*** The data Section Begins ***

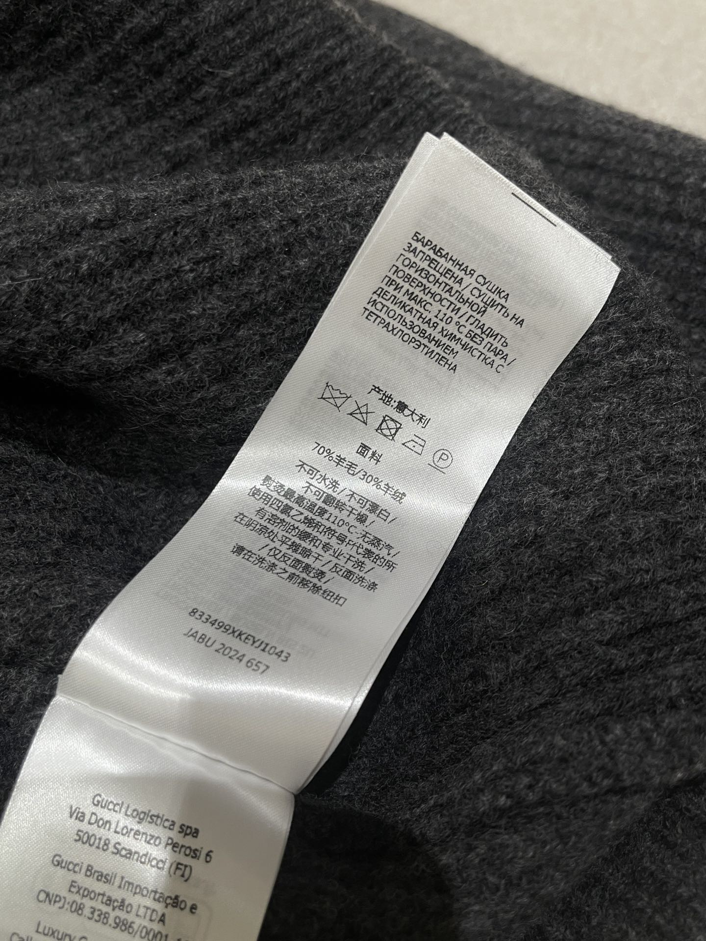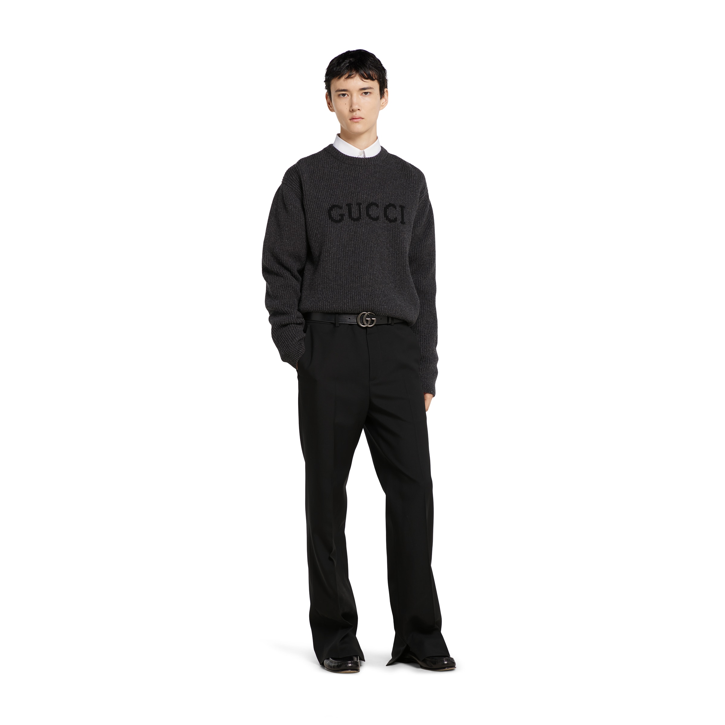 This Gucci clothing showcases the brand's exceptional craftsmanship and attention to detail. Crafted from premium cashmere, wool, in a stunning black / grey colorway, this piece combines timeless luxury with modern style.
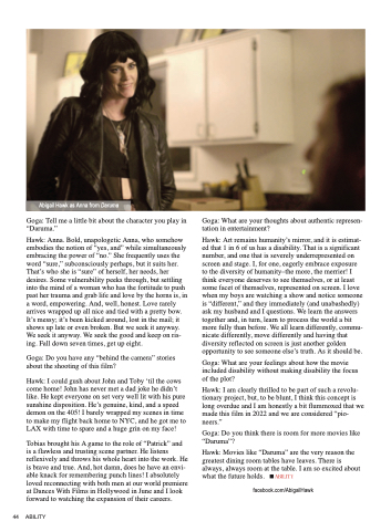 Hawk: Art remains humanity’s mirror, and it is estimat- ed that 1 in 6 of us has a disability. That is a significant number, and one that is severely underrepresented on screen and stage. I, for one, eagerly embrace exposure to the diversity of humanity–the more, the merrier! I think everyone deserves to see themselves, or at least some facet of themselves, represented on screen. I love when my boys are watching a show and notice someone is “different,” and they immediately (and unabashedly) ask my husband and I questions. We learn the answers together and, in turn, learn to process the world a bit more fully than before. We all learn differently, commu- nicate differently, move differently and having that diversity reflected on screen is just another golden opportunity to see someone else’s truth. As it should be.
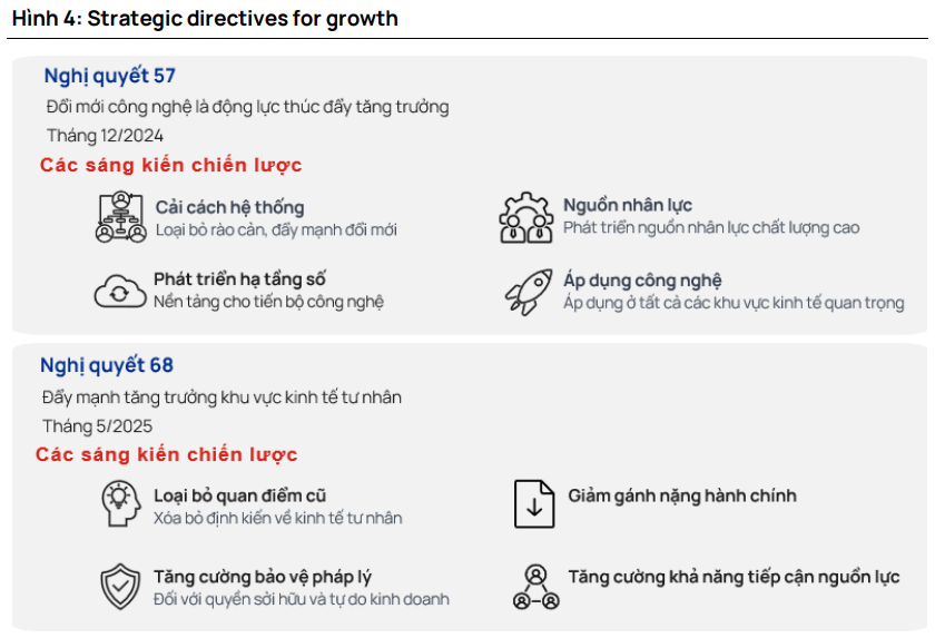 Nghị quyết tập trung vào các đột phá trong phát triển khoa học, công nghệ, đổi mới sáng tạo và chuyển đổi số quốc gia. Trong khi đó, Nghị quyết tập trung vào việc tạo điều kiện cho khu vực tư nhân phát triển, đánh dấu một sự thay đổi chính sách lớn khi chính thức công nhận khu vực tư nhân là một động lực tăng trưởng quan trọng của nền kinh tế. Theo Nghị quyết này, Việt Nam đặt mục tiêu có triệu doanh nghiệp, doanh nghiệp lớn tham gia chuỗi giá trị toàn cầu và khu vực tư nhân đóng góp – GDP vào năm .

*** The data Section Ends ***

• Task requirements
Repeat the data word for word. Skip the pictures.

• Solution to the exercise
 This Gucci clothing showcases the brand's exceptional craftsmanship and attention to detail. Crafted from premium cashmere, wool, in a stunning black / grey colorway, this piece combines timeless luxury with modern style.
 Hawk: Art remains humanity’s mirror, and it is estimat- ed that 1 in 6 of us has a disability. That is a significant number, and one that is severely underrepresented on screen and stage. I, for one, eagerly embrace exposure to the diversity of humanity–the more, the merrier! I think everyone deserves to see themselves, or at least some facet of themselves, represented on screen. I love when my boys are watching a show and notice someone is “different,” and they immediately (and unabashedly) ask my husband and I questions. We learn the answers together and, in turn, learn to process the world a bit more fully than before. We all learn differently, commu- nicate differently, move differently and having that diversity reflected on screen is just another golden opportunity to see someone else’s truth. As it should be.
 Nghị quyết tập trung vào các đột phá trong phát triển khoa học, công nghệ, đổi mới sáng tạo và chuyển đổi số quốc gia. Trong khi đó, Nghị quyết tập trung vào việc tạo điều kiện cho khu vực tư nhân phát triển, đánh dấu một sự thay đổi chính sách lớn khi chính thức công nhận khu vực tư nhân là một động lực tăng trưởng quan trọng của nền kinh tế. Theo Nghị quyết này, Việt Nam đặt mục tiêu có triệu doanh nghiệp, doanh nghiệp lớn tham gia chuỗi giá trị toàn cầu và khu vực tư nhân đóng góp – GDP vào năm .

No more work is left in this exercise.